■ EXERCISE OBJECTIVE
What you give back from the listing below should be an exact copy of the lines from the one with "3、往下滑,找到水面反射设置,点击开启,会解锁120帧FPS画质。" down to the one with "Размер хвостовика |", and it should contain no pictures.

Top of EXERCISE MATERIAL

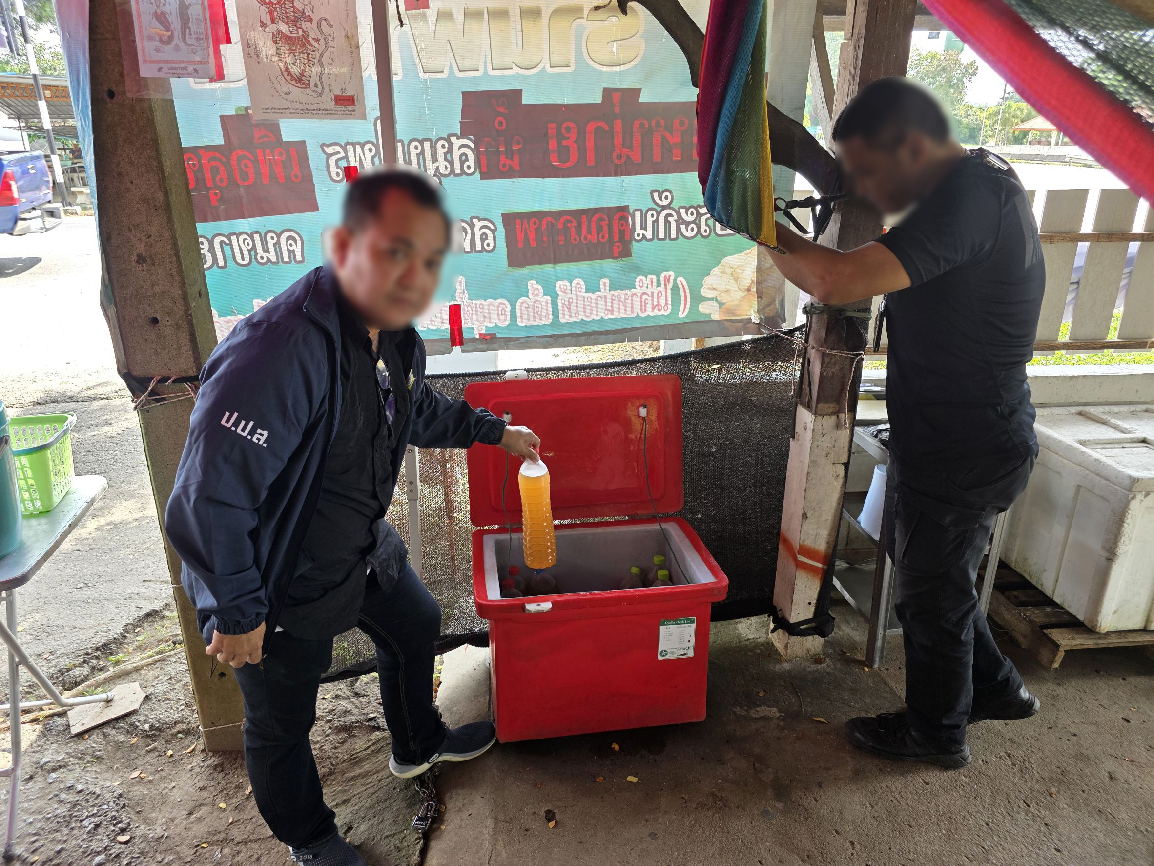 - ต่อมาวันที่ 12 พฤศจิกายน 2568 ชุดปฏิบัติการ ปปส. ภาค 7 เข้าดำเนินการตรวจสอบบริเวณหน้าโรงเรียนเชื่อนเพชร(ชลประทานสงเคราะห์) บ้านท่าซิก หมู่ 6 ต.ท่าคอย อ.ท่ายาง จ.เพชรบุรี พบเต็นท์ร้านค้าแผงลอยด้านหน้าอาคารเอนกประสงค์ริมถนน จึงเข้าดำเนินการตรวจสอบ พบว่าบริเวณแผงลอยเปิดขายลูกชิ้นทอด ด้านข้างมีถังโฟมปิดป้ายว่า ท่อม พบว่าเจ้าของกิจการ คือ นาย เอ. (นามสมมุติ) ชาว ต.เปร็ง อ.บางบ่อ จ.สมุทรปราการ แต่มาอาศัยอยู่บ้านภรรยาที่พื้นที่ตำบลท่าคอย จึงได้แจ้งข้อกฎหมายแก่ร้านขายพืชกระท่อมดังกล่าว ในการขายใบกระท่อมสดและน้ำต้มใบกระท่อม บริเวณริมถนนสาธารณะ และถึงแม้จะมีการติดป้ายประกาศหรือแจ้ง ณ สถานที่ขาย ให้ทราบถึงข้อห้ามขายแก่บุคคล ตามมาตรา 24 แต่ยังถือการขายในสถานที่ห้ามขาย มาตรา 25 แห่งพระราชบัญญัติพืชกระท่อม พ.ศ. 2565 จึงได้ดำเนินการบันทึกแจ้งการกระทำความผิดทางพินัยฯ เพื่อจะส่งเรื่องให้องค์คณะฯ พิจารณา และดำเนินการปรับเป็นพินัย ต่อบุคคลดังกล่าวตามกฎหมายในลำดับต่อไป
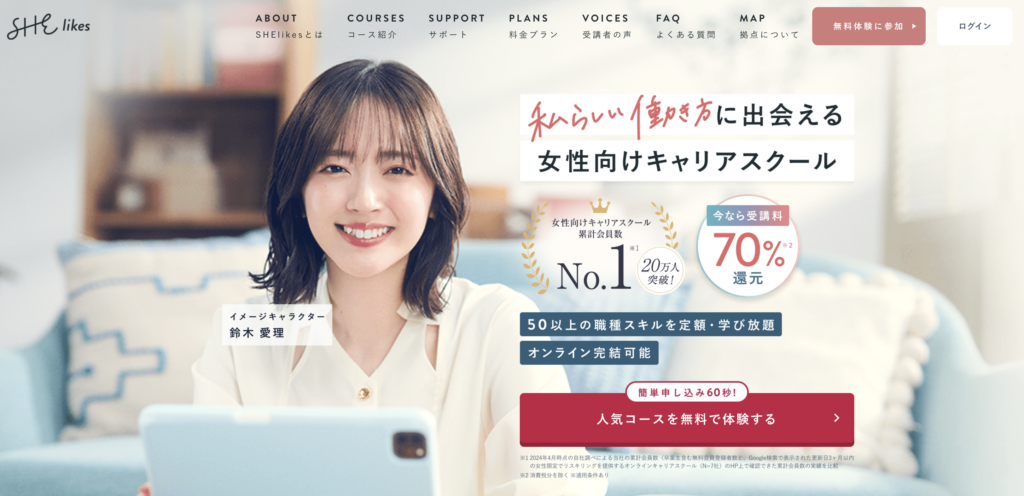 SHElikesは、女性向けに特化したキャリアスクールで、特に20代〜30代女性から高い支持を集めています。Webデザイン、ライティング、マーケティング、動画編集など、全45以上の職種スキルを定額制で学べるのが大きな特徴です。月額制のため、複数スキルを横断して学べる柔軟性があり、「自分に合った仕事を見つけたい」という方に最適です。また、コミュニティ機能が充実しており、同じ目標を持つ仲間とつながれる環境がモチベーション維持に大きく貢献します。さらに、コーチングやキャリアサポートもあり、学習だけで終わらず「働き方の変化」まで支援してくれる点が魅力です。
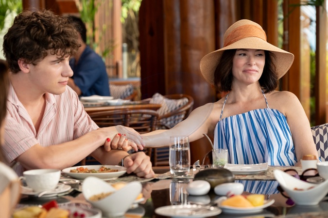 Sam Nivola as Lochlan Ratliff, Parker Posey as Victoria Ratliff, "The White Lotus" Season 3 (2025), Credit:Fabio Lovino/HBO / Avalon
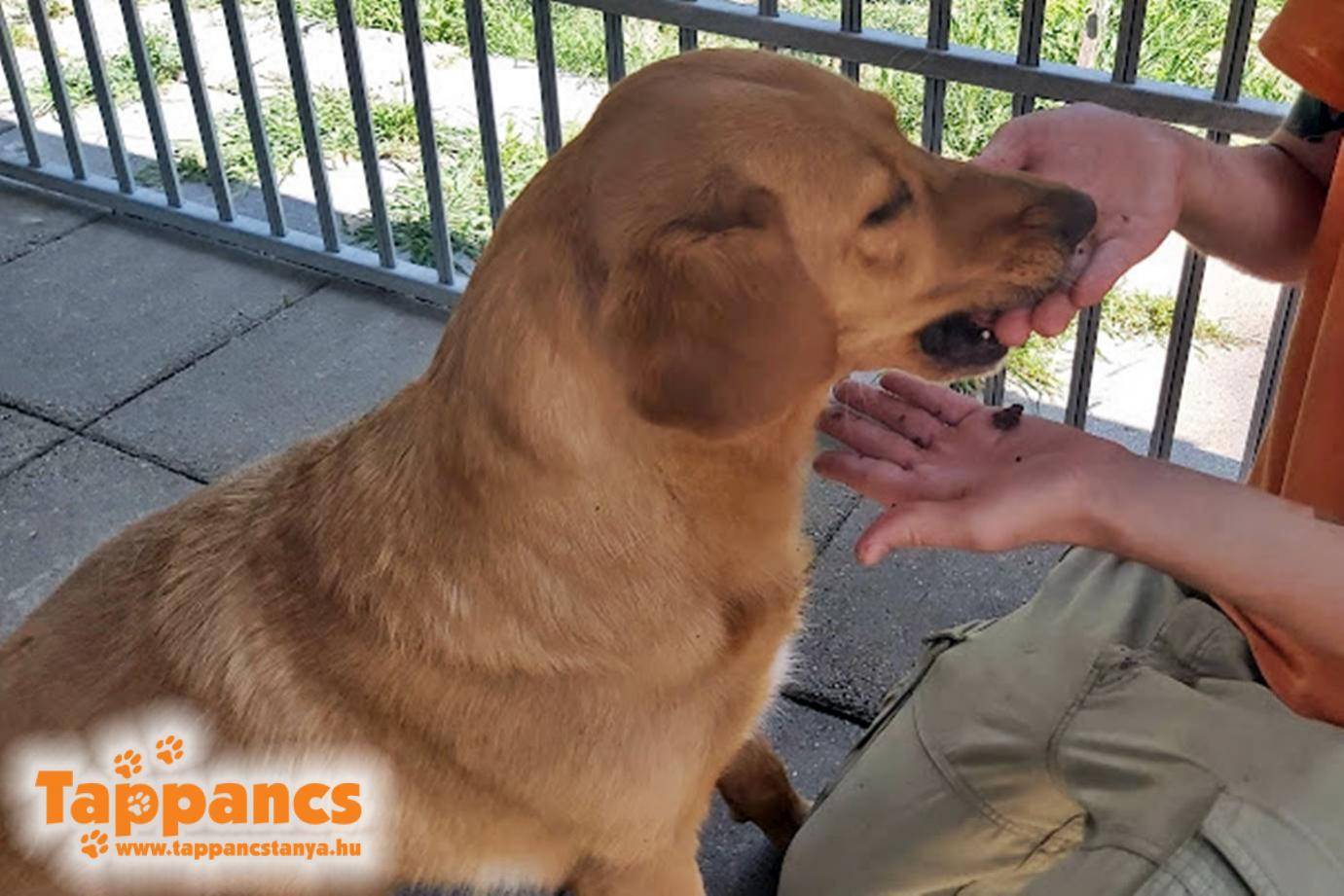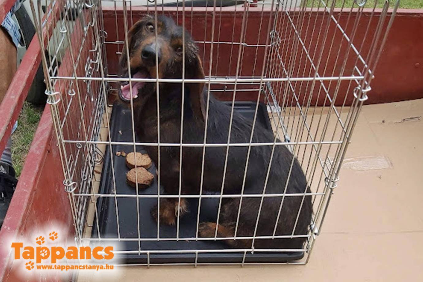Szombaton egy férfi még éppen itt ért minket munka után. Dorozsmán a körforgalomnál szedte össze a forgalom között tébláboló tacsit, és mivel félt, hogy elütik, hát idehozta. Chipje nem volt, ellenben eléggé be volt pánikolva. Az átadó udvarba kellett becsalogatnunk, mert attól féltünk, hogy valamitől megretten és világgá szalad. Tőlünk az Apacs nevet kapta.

Bottom of EXERCISE MATERIAL
Top of EXERCISE MATERIAL

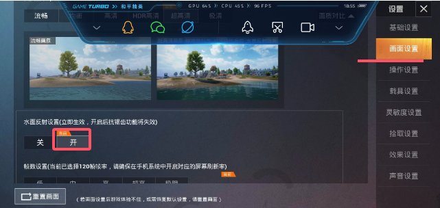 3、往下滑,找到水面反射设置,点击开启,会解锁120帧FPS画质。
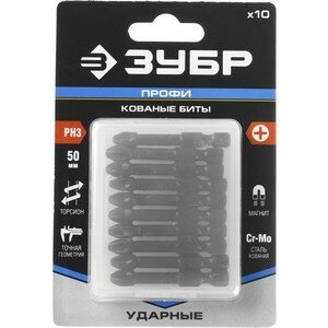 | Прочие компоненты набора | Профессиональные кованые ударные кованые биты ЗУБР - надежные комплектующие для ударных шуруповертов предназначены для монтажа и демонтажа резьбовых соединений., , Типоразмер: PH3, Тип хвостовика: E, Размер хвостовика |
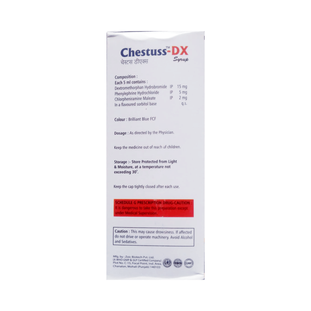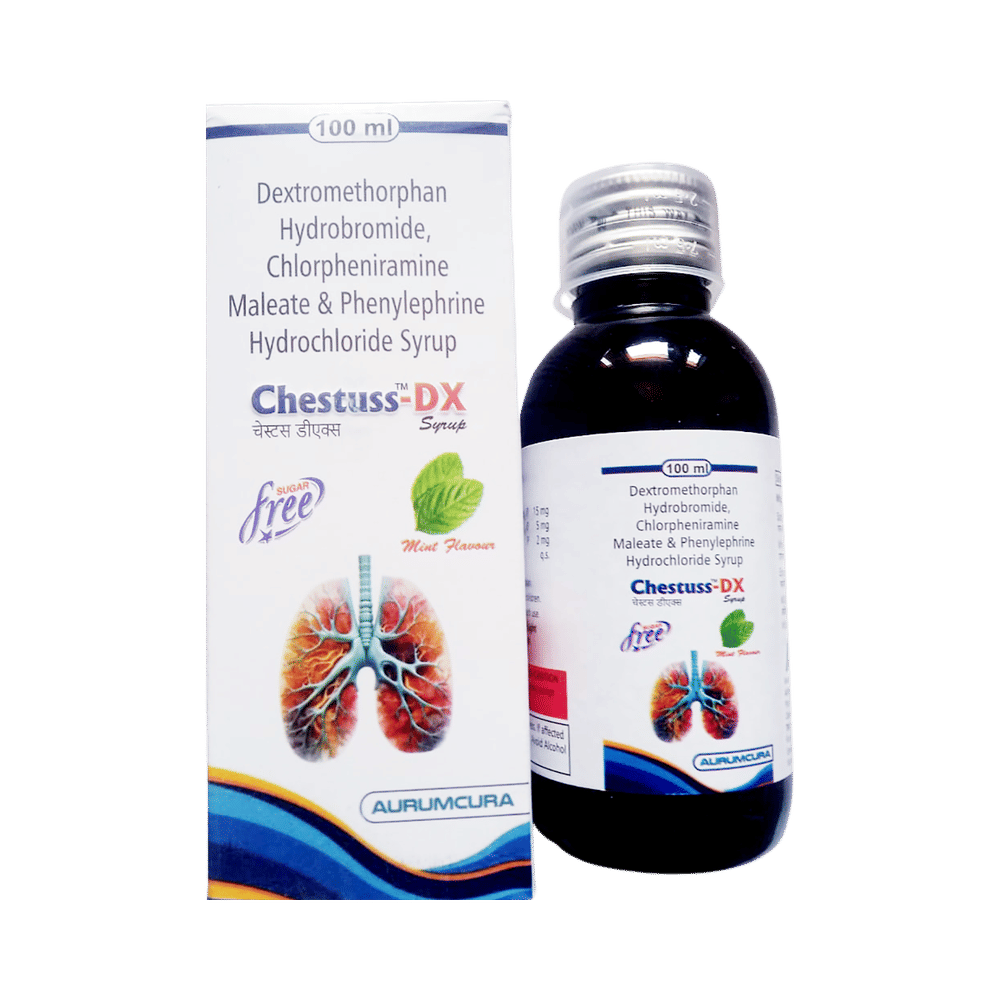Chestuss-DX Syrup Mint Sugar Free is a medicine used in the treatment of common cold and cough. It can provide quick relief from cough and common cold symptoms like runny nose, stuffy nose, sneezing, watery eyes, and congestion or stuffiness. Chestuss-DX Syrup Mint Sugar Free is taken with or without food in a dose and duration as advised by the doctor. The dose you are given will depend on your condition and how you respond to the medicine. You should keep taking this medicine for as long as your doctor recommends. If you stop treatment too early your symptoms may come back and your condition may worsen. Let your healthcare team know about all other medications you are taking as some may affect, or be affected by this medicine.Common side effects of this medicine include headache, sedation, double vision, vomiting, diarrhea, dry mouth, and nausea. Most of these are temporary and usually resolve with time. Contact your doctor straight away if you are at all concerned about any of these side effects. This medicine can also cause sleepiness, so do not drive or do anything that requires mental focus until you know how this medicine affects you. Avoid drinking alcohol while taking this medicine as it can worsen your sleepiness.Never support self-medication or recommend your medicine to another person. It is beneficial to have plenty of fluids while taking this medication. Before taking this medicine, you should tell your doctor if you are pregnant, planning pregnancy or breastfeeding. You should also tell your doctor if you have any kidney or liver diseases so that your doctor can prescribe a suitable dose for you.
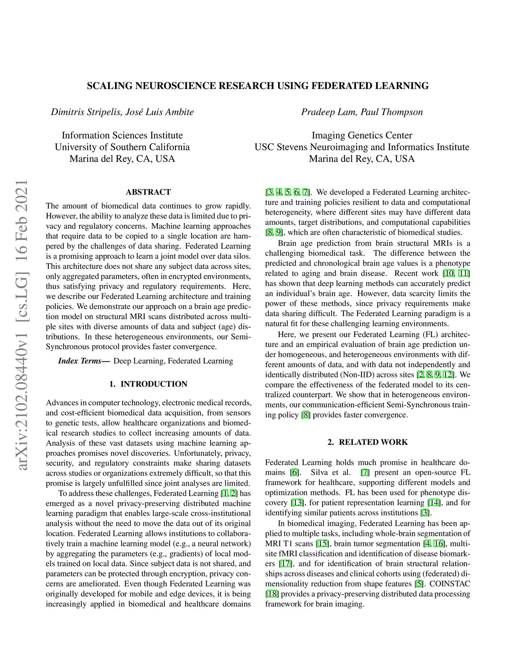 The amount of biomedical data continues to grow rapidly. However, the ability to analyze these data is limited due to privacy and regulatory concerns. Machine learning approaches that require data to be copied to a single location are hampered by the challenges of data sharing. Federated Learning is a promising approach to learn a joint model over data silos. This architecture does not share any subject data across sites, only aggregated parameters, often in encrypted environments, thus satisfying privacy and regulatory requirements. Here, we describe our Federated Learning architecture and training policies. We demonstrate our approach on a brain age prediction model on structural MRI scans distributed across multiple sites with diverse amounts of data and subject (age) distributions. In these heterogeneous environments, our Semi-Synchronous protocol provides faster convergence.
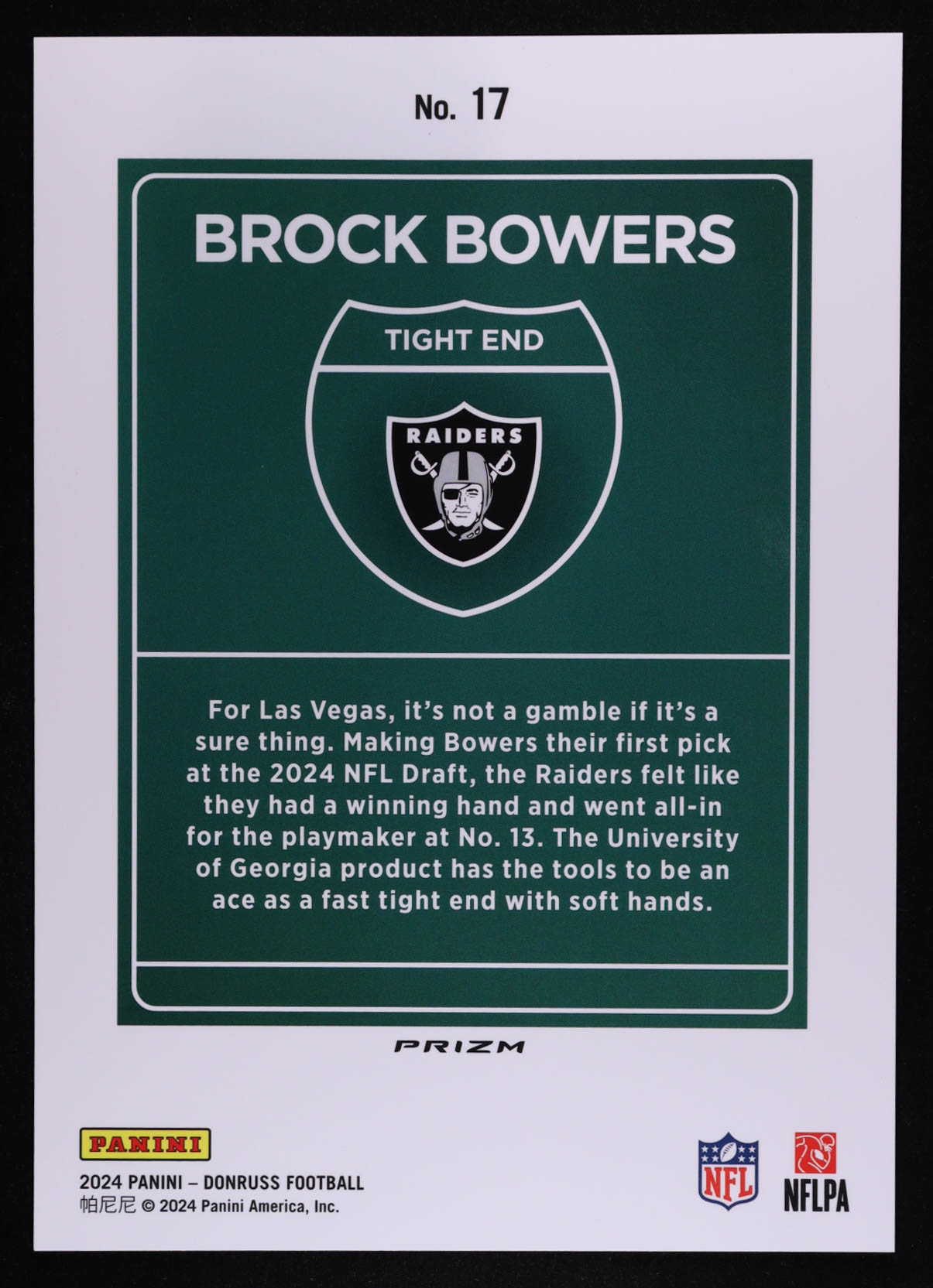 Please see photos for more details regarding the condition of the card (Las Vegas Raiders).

Bottom of EXERCISE MATERIAL

■ FINAL ANSWER
 3、往下滑,找到水面反射设置,点击开启,会解锁120帧FPS画质。
 | Прочие компоненты набора | Профессиональные кованые ударные кованые биты ЗУБР - надежные комплектующие для ударных шуруповертов предназначены для монтажа и демонтажа резьбовых соединений., , Типоразмер: PH3, Тип хвостовика: E, Размер хвостовика |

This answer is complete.